Additional multivariable logistic regression models were created to investigate how SIRE, genetic ancestry, and SDI interact to modify predicted T2D risk. As part of this analysis, we modeled T2D case / control status as a function of either the SIRE-zSDI or GA- zSDI interaction terms, using age and sex as covariates. The SIRE-zSDI models returned significant and negative interaction coefficients for the Black-zSDI (-1.67) and Hispanic-zSDI (-1.40) interaction terms, suggesting that greater socioeconomic deprivation is associated with reduced risk of T2D for individuals belonging to either the Black or Hispanic SIRE groups (Table 3 and Figure 3A). However, when restricting the cohort to native-born participants, the Hispanic-zSDI interaction term is no longer significant (Supplementary Table 4). Relative excess of risk interaction (RERI) values for the Black (-4.02) and Hispanic (-3.66) groups are also negative, indicating subadditive effects of SIRE and zSDI. The opposite trend is observed for individuals belonging to the Asian and White SIRE groups, in which greater socioeconomic deprivation is associated with a greater risk of T2D. The negative interactions observed between Black and Hispanic SIRE and socioeconomic deprivation can also be seen when individuial-level iSDI is used to model T2D outcomes (Supplementary Table 5).
Similarly significant and negative interaction coefficients were returned by the GA-zSDI models, specifically for the African-zSDI (-3.59), Asian-zSDI (-2.90), and Native American-zSDI (-4.84) interaction terms (Table 3). In contrast, a significant positive interaction coefficient was reported for the European-zSDI (1.34) interaction term. RERI values show the same trends, with negative values for African-zSDI (-7.76), Asian-zSDI (-6.23), and Native American-zSDI (-10.48), compared to positive RERI for European-zSDI (2.18).
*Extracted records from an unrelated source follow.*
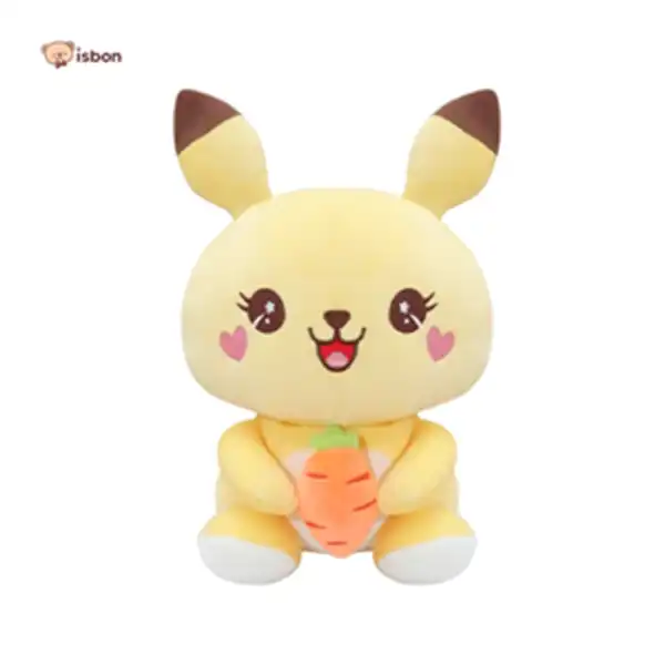 Boneka anak karakter kartun pikatchu memegang wortel yang super lucu bahan sangat lembut. sangat cocok untuk segala usia.
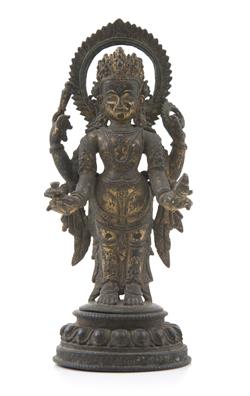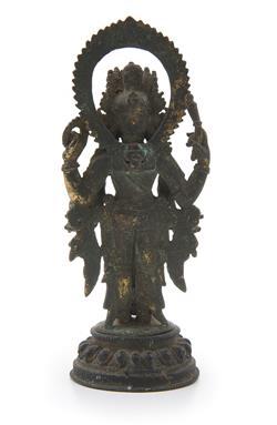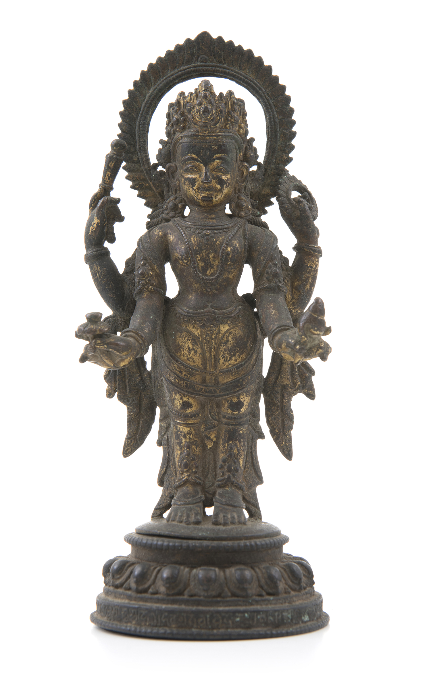 Standing on a single lotus base, holding the conch, mace, lotus bud and dharmacakra in his four hands, wearing a crown and elaborately detailed dhoti and jewellery, with a flame mandorla behind his head, with an inscription around the bottom of the lotus base reading "[Nepalese] era 658, waxing fortnight of the month of Asadh, for the departed Babudev..." this fire-gilt high copper-content bronze is finely cast and beautifully detailed.
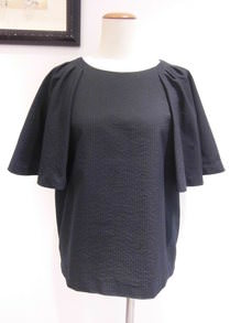 脇部分の分量を減らし、タックギャザーでも腰の張り感を抑えた仕上がりに
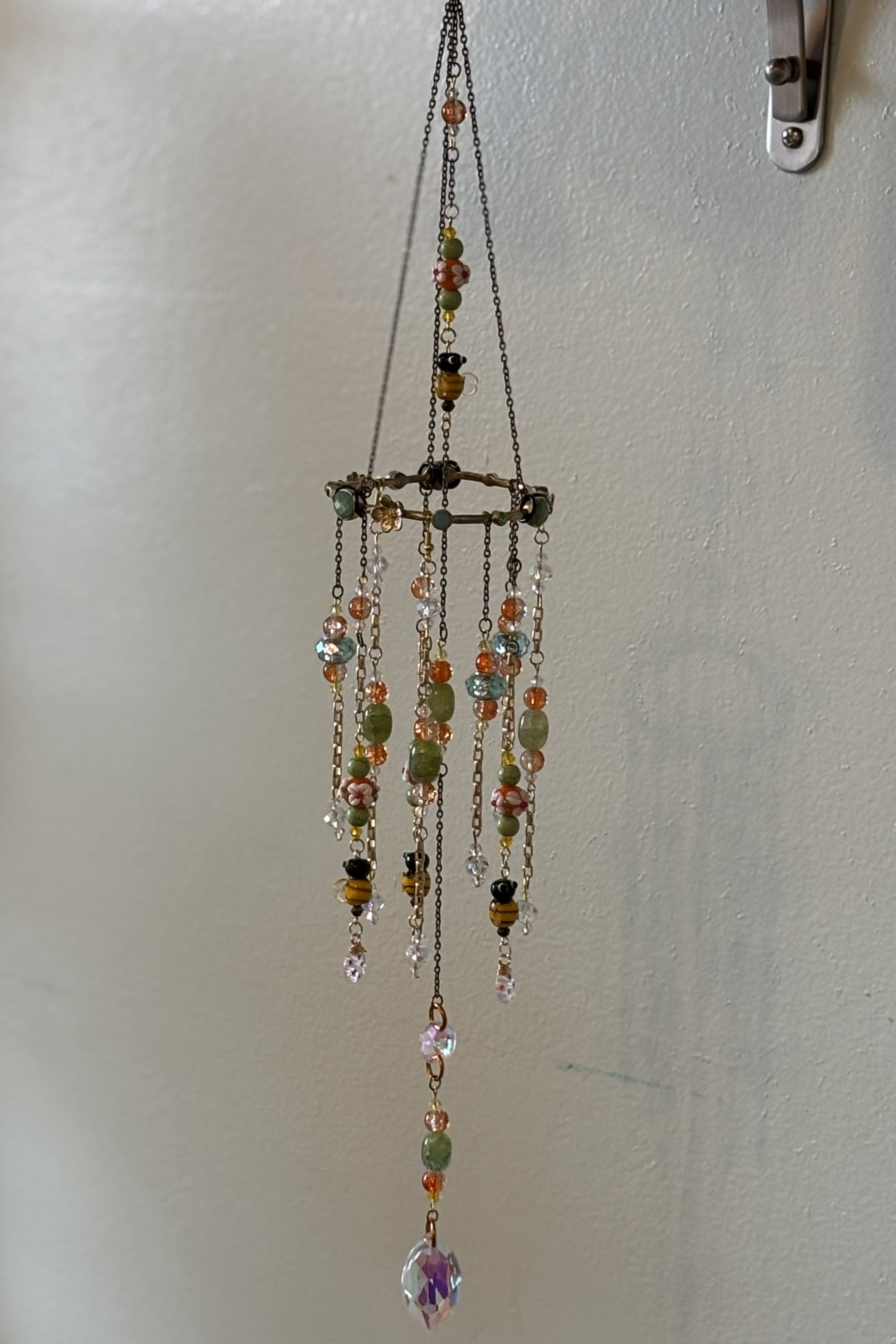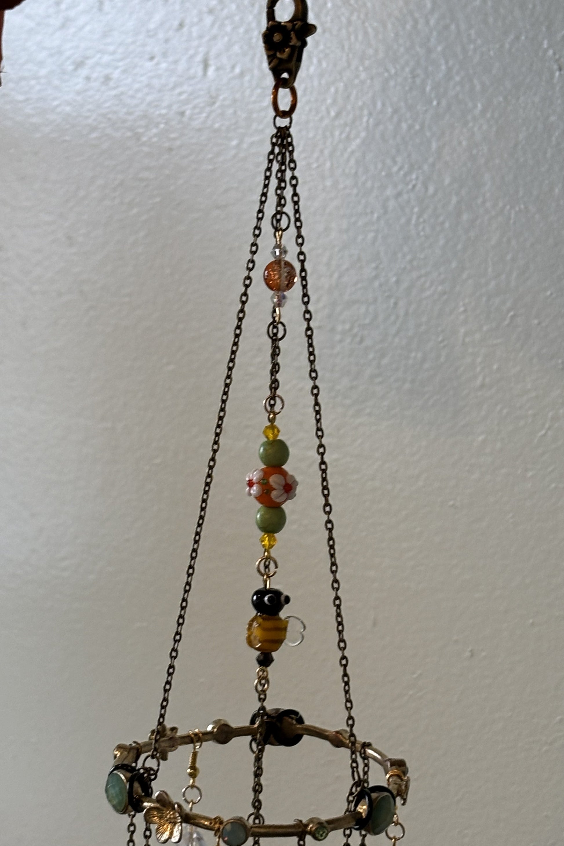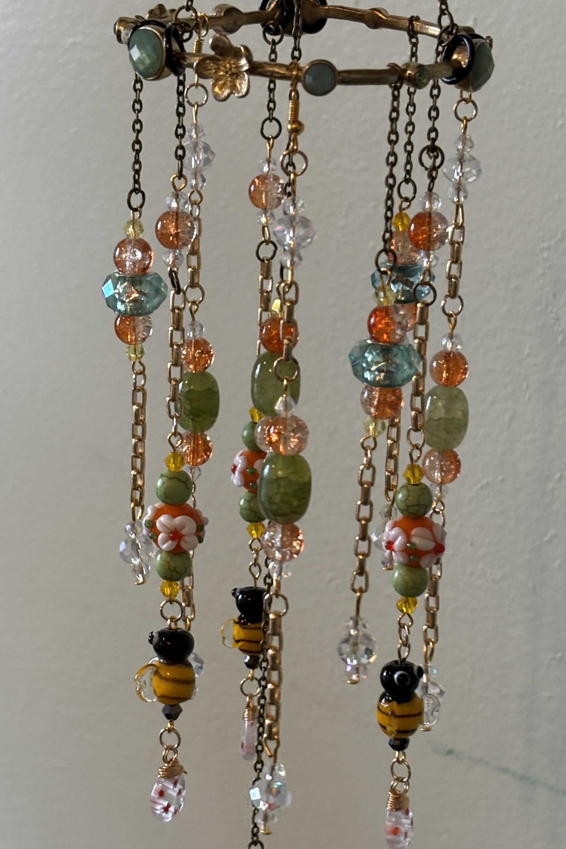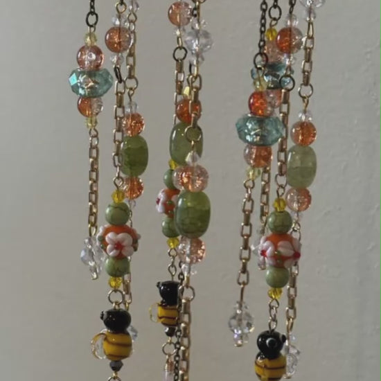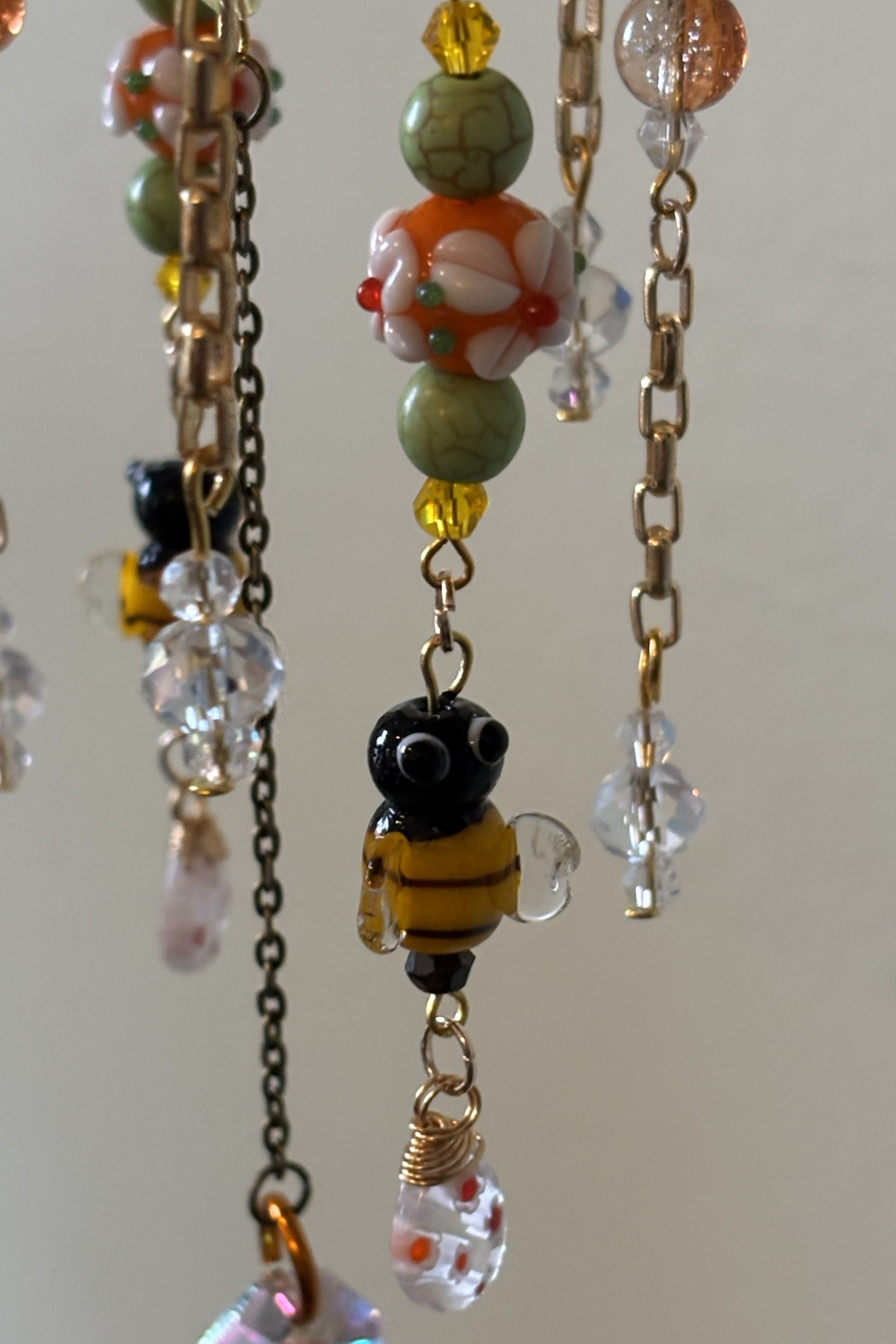 Cascading strands form a miniature garden in motion—layered with glass bee beads, orange glass flowers, green stone accents, crystal-clear light catchers, and sunny yellow highlights. A floral metal bracelet element anchors the design, while varied strand lengths and textures create depth, movement, and sparkle as light passes through.
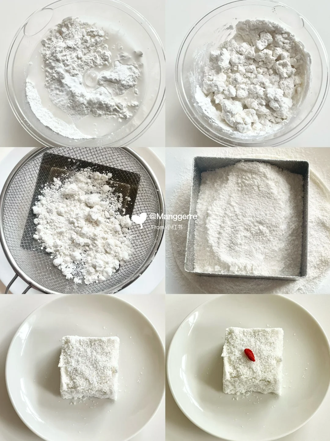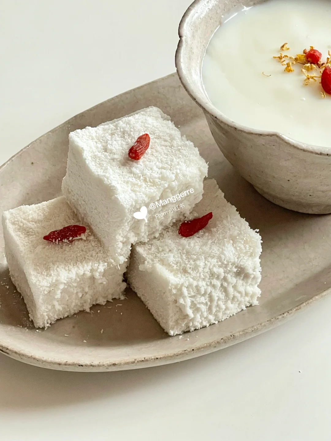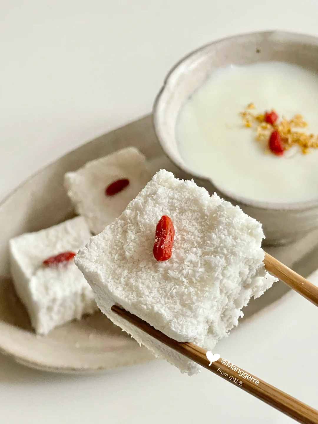 3、蒸好的米糕裹上椰蓉,枸杞装饰
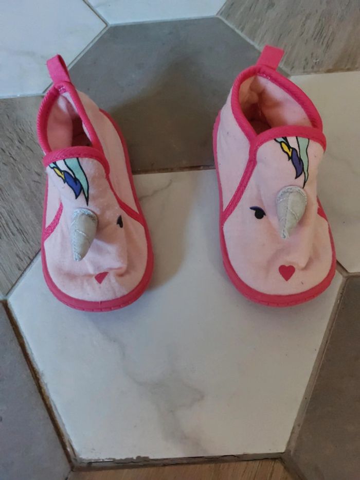 Je vends une paire de chaussons rose thème licorne avec une vraie corne de licorne au bout ! La semelle extérieure en caoutchouc est épaisse. Marque Tex en taille 21. Elles sont dans un bon état. #liloupinette_chaussures21

Visualization of the GA-zSDI interactions shows that high zSDI is a risk factor for T2D at low levels of non-European ancestry and this trend switches at high levels of non-European ancestry, where low zSDI has higher predicted risk (Figure 3B-E). This pattern is particularly pronounced for African and Native American ancestry. The pattern of all of these interaction effects remain when the cohort is stratified by sex (Supplementary Tables 6 and 7; Supplementary Figures 3 and 4).
These results were validated with another set of models which modeled T2D risk as a function of zSDI, using age and sex as covariates (Table 4). These models were each run on a different subset of the study cohort consisting exclusively of individuals from one of the four SIRE groups under investigation. The models corresponding to the Black and Hispanic SIRE cohorts returned negative coefficients for zSDI (-0.70, -0.41). The model corresponding to the White SIRE cohort returned a significant and positive coefficient for zSDI (0.77), consistent with the coefficients observed for the SIRE-zSDI interaction terms.